Section lengths in scientific papers

Introduction

A few years ago, I was preparing a manuscript for submission to a journal and I received the following editing advice (from someone who had attended a writing workshop at some point):

Edit your manuscript to match the section length of recent papers in your target journal. This will standardize the overall format and subconsciously appease the reviewers and editors, potentially improving the chances of a favorable decision.

I found myself repeating this advice to other first-time manuscript submitters recently, and instead of letting them figure it out I went ahead and gathered some data to make this blog entry. This type of data should be of interest to authors, reviewers, and editors, all of whom deal with paper length and structure in one way or another.

Methods

I picked ten recent papers from five journals that I’m personally interested in, and counted the number of words in each of the sections (except for the references). These word counts don’t include table content or figure captions. I chose the 50 papers mostly at random (trying to include open access issues) and focused only on ‘standard’ articles that follow the traditional format for original research articles (unlike reviews or opinion pieces).
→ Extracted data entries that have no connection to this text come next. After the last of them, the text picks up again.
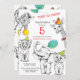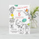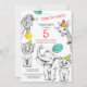 Invitation de 5ème anniversaire avec des illustrations d'animaux mignonnes amusantes dessinées dans un style crayon.
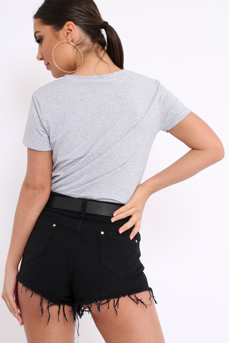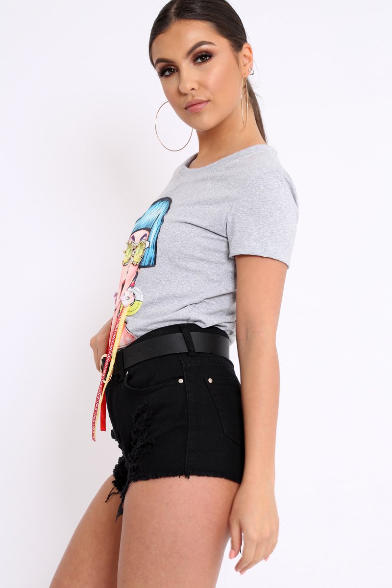 Look Cool AF in our Leacy Grey Crew Neck Girls Face T-Shirt with Tassels, Featuring really cool vibrant graphic print, tassel detailing on earrings and beading. Style with lace up heels for an edgy look!
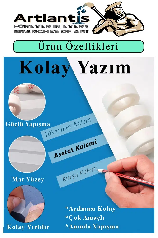 Özellik: Görünmez bant, uygulama ihtiyaçlarını karşılarken aynı zamanda mat bir yüzeye, uzun süreli tutma gücüne sahiptir, kalem, kurşun kalem veya işaretleyici ile yazılır.
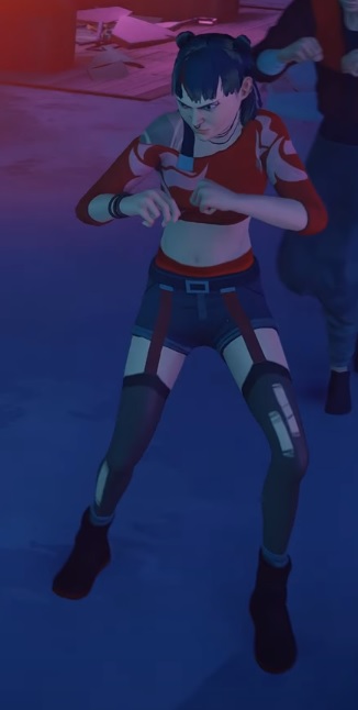 She reminds me somewhat of Soozie / Garnet from the Streets of Rage series: a blonde party girl wearing shorts over leggings.
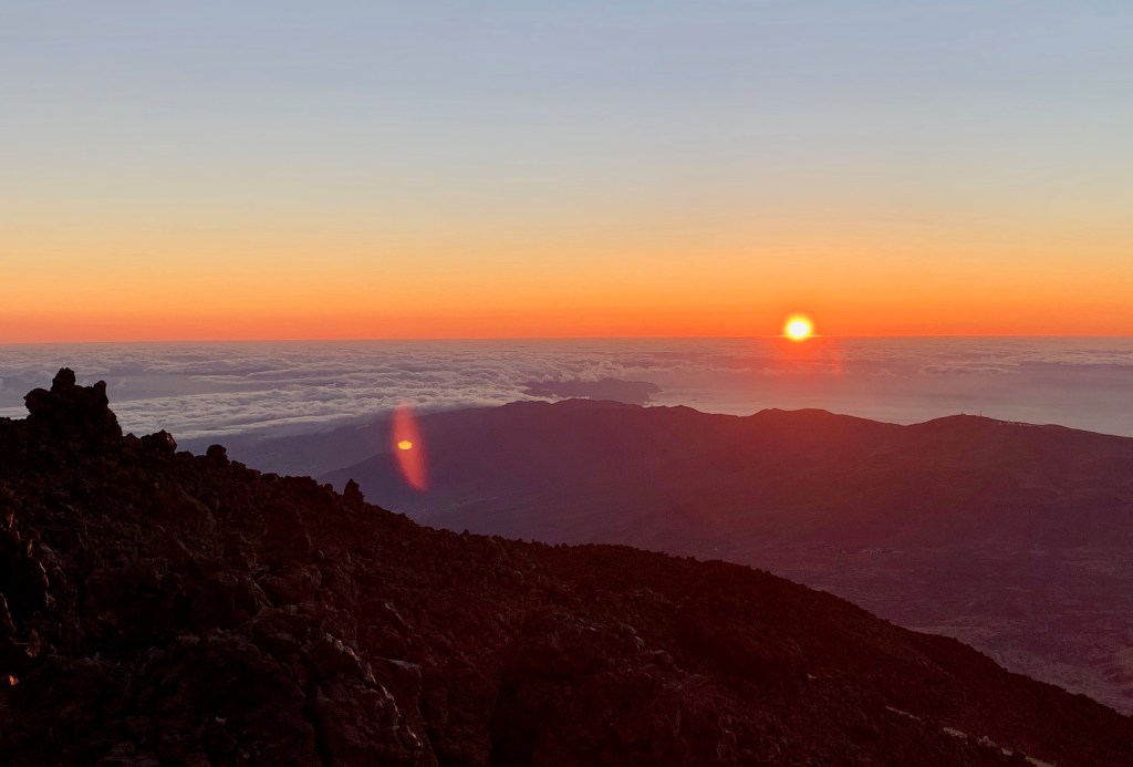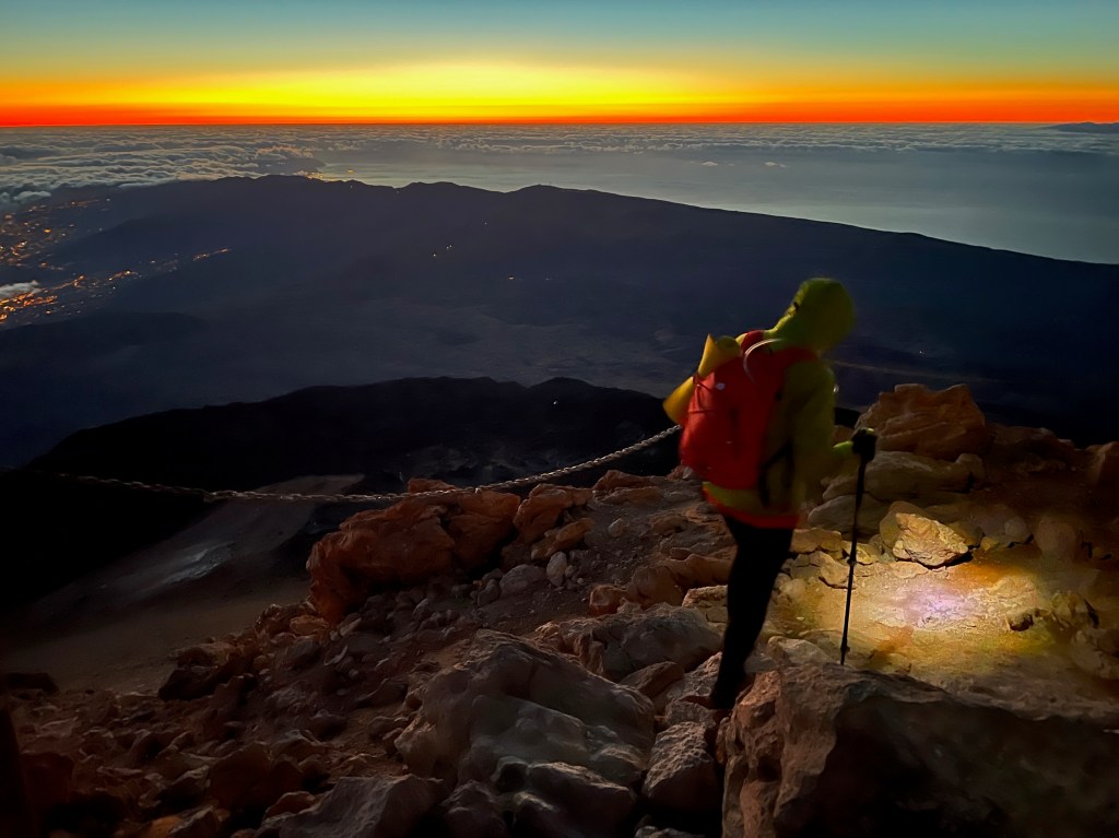 A las 5:30h tiramos para arriba mas recuperados y en menos de 2 horas estamos en la cumbre del Teide a 3,718 metros sobre el nivel del mar

Here’s the code to download the raw data and recreate a rough version of the figure below.

Results

Mean section lengths in five journals. Click to enlarge.

I used the palettetown package by Tim Lucas to get a color palette and I highly recommend it.

Discussion

Methods sections seem to be the lengthier parts of papers for most of the journals, although there is lots of variation and a fair amount of overlap with discussion sections. For some reason I always thought discussions were the longest parts of papers, but these data don’t agree. Introduction sections appear pretty consistent in length across journals.

I snuck a couple of my papers in there, and as much as I thought that I write concise and crisp papers, mine fell towards the lengthy end of the spectrum. In my defence, a lot of the bloat came during peer review - the early versions of the manuscripts did match the mean section lengths that I had calculated for initial submission.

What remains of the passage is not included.